Итак, милостивые государи, вы бы напрасно ждали от Виктора кудрявых рассказов о своей поездке, о том, пуста или населена была дорога, живописно или однообразно местоположение, по горам или по болотам ехал, о том, что встретил он достойного внимания и недостойного памяти, пи очень любопытных рассуждений о характере народа, основанных на фигуре кровель, на счетах трактирщиков и на ухватках почтальонов, ни встреч, никогда не бывалых, ни историй, никогда не случившихся, — одним словом, ничего, составляющего основу романических путешествий. Но зато он очень хорошо познакомился со всеми прихотями Жанни и мог описать вам топографию малейшего родимого пятнышка на ее лице.
Между тем плавно зыблющаяся карета быстро неслась далее, приближалась и приблизилась к мете. Виктор был в каком-то забытьи; он не замечал не только ученых толков Саарвайерзена о постройке и поправке плотин, не только серебряной табакерки Гензиуса, которую тот подносил, потчуя гостя, к самому носу, но даже времени и пространства.

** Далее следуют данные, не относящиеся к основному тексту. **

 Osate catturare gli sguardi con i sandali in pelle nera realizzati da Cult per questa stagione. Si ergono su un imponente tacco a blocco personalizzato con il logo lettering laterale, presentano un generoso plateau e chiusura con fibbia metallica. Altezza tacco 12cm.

Такие часы сладостны и невозвратны; многими крестами означены они в истории нашего сердца, и увы!
— крестами надгробными; они драгоценнее для нашей памяти целых годов, заметных для света и, может быть, славных или выгодных для самих себя, но пустынных для души, с которой обрывают они радости зимнею своею рукою.
Приехали… Дверцы распахнулись… Виктор очнулся, наконец, как лунатик, пробужденный на колокольне; но когда нежная ручка, опершись на его руку при выходе из кареты, нежно пожала ее, когда ангельская улыбка отвечала на его приветствие, когда серебристый голос произнес! «Вот ваша темница, Виктор!» — то он готов был божиться, что дом Саарвайерзена, построенный в тяжелом фламандском вкусе, осьмое чудо света и во сто раз прелестнее всех мавританских замков в Альгамбре, — верьте после этого описаниям любовников!

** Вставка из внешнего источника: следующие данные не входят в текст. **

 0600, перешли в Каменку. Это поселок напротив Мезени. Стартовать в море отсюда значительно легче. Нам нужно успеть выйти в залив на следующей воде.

Попросту сказать, дом этот, построенный на обширной площади, весьма походил на карточный. Он сложен был из нештукатуренных, но гладких кирпичей, и высокая кровля его убрана в узор муравленою черепицею. Возвышение, заменяющее крыльцо, простиралось во всю длину дома, и висячий балкон служил оному навесом. Окна нижнего жилья были до самого пола; в средине над прилепом (карнизом) чернелись часы, которые, словно аргусовыми очами, глядели на два крыла строений, в которых помещены были службы и фабрика. Двор, несмотря на осеннее время, был чист как стекло; стены, вымытые мылом и вытертые щетками, лоснились; окна сверкали ясными стеклами, рамы и двери — лаком и бронзой; необыкновенный порядок был виден во всем.
Жанни, как ветер, порхнула в объятия своей матери, голландской барыни в полном смысле слова. Вообразите себе барашка, сделанного из масла, которого произвела рука домашнего ваятеля для увенчания кулича о светлой, и вы схватите нечто похожее на фроу (vraw) Саарвайер-зен, прибавя, разумеется, к этому целые пуки брабантских кружев, ключей и приседаний. Иль если вы видели в Эрмитаже куклу хозяйки Петра Первого, вы видели мать Жанни. Впрочем, никто в свете не мог быть добрее и ласковее ее.
Волей и неволей потащили молодца осматривать комнаты; неумолимые хозяин и хозяйка терзали его, как журналисты читателей при академической выставке; каждая редкость была ему колесом пытки. Виктор слушал, крепя сердце.
Внутренность покоев, то обитых богатыми восточными тканями, то убранных резьбою на орехе, отличалась более чудесностью и богатством, нежели вкусом и красотою. Огромные японские вазы из синего с золотом фарфора стояли, прегордо надувшись, по углам, и в них красовались бархатные и парчовые цветы, разливая земное благоухание. Дело затейливых одноземцев Конфуция, восковые и фарфоровые мандарины насмешливо качали головками на закраинах каминов, и только одни картины Теньера, ваи дер Неера, ван Остада, Рембрандта, Вувермана и других известных живописцев фламандской школы заслуживали внимание.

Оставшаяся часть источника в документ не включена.